TASK PROMPT:
Exactly as written, copy every line from the one containing "在今天结束的一场NBA常规赛" through the end of the records, with the pictures left out.

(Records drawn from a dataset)

BEGIN

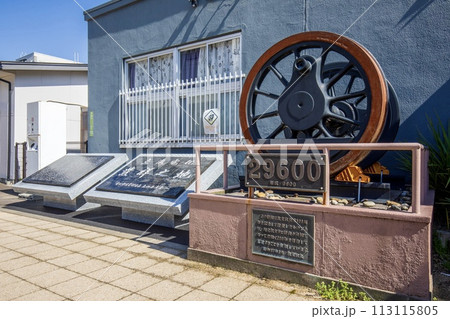 敦賀市、敦賀駅前の機関車の車輪のモニュメント
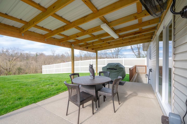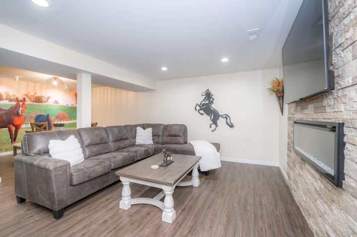 The home’s spacious interior gives a nod to the vast countryside that surrounds it along with the horses that inhabit it, with charming equestrian accents in each room’s décor. Unwind at the end of fulfilling days in the living room on plush sofa seating while you binge watch episodes of your favorite shows on the smart TV. A dedicated workspace is also available here on the off chance you need to check a few emails or take a couple of calls while away. The well-equipped kitchen has everything you need to whip up convenient meals right at home, with plentiful counterspace and cabinetry for meal preparation and storage. Grab a stool at either of the high-top tables for a quick bite or casual breakfast or head to the lower level where you’ll find a formal dining table with seating for 6. This area also offers a second living room with L-shaped sofa seating, a smart TV, and an accent fireplace to keep you warm and toasty during the cooler months. If you prefer to spend as much time outdoors as possible, the back patio has you covered with options for dining, grilling, and spending an evening by the fire.
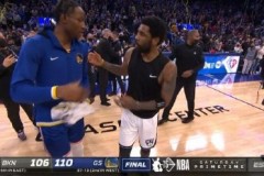 在今天结束的一场NBA常规赛中,篮网在客场以106-110惜败勇士,遭到对手双杀。赛后,勇士新秀球员乔纳森-库明加和篮网球员凯里-欧文相互拥抱致意,欧文还将自己本场比赛身穿的球衣赠送给了库明加。
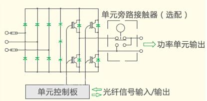 功率單元采用三相交流輸入,整流濾波后形成直流電壓,經(jīng)IGBT H橋逆變后輸出脈寬調(diào)制(PWM)電壓。功率單元控制板由IGBT驅(qū)動電路和監(jiān)測保護(hù)電路、光纖通信電路、單元旁路電路和控制電源組成。運(yùn)行中功率單元故障時(shí),變頻器可將故障單元自動旁路并繼續(xù)運(yùn)行,等情況允許時(shí)再停機(jī)排除故障。
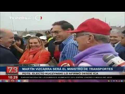 El presidente electo Pedro Pablo Kuczysnki dijo que su primer vicepresidente Martín Vizcarra será el próximo ministro de Transportes y Comunicaciones.
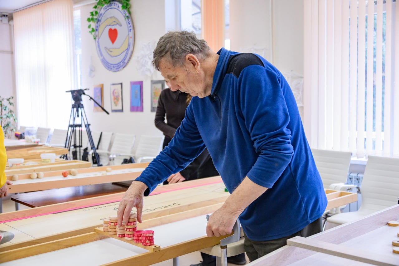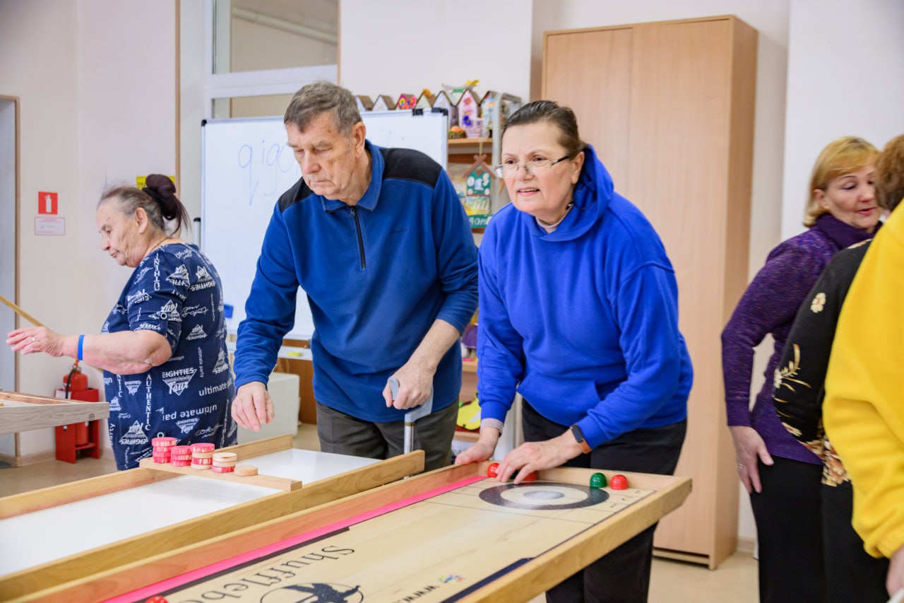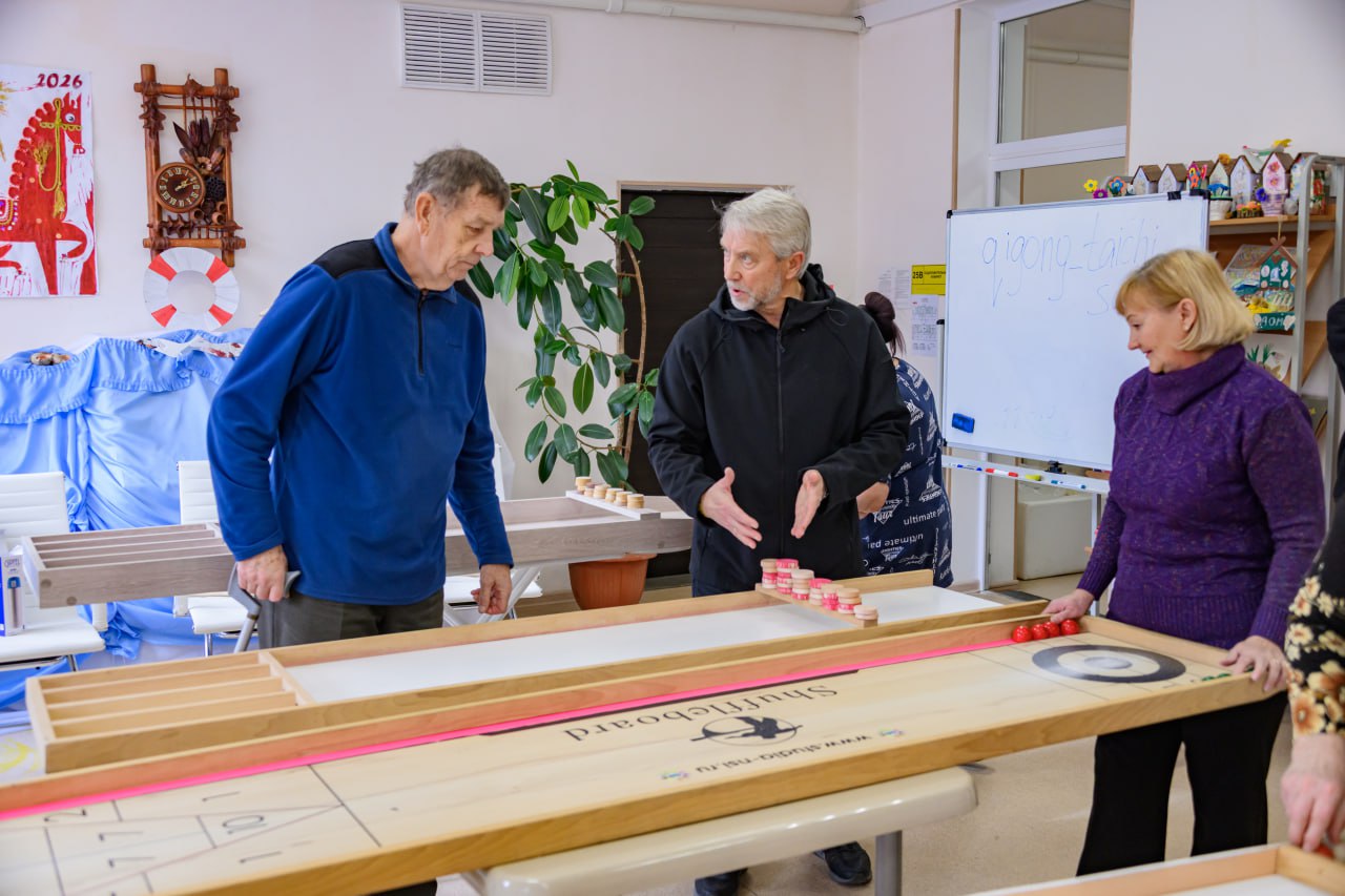 Занятия по необычным дисциплинам проводят «серебряные волонтеры» Олег Николаев и Вячеслав Гурьев. Участники осваивают шаффлборд, новус, джакколо и кульбуто, которые развивают логику, координацию и память.

END

OUTPUT OF THE EXERCISE:
 在今天结束的一场NBA常规赛中,篮网在客场以106-110惜败勇士,遭到对手双杀。赛后,勇士新秀球员乔纳森-库明加和篮网球员凯里-欧文相互拥抱致意,欧文还将自己本场比赛身穿的球衣赠送给了库明加。
 功率單元采用三相交流輸入,整流濾波后形成直流電壓,經(jīng)IGBT H橋逆變后輸出脈寬調(diào)制(PWM)電壓。功率單元控制板由IGBT驅(qū)動電路和監(jiān)測保護(hù)電路、光纖通信電路、單元旁路電路和控制電源組成。運(yùn)行中功率單元故障時(shí),變頻器可將故障單元自動旁路并繼續(xù)運(yùn)行,等情況允許時(shí)再停機(jī)排除故障。
 El presidente electo Pedro Pablo Kuczysnki dijo que su primer vicepresidente Martín Vizcarra será el próximo ministro de Transportes y Comunicaciones.
 Занятия по необычным дисциплинам проводят «серебряные волонтеры» Олег Николаев и Вячеслав Гурьев. Участники осваивают шаффлборд, новус, джакколо и кульбуто, которые развивают логику, координацию и память.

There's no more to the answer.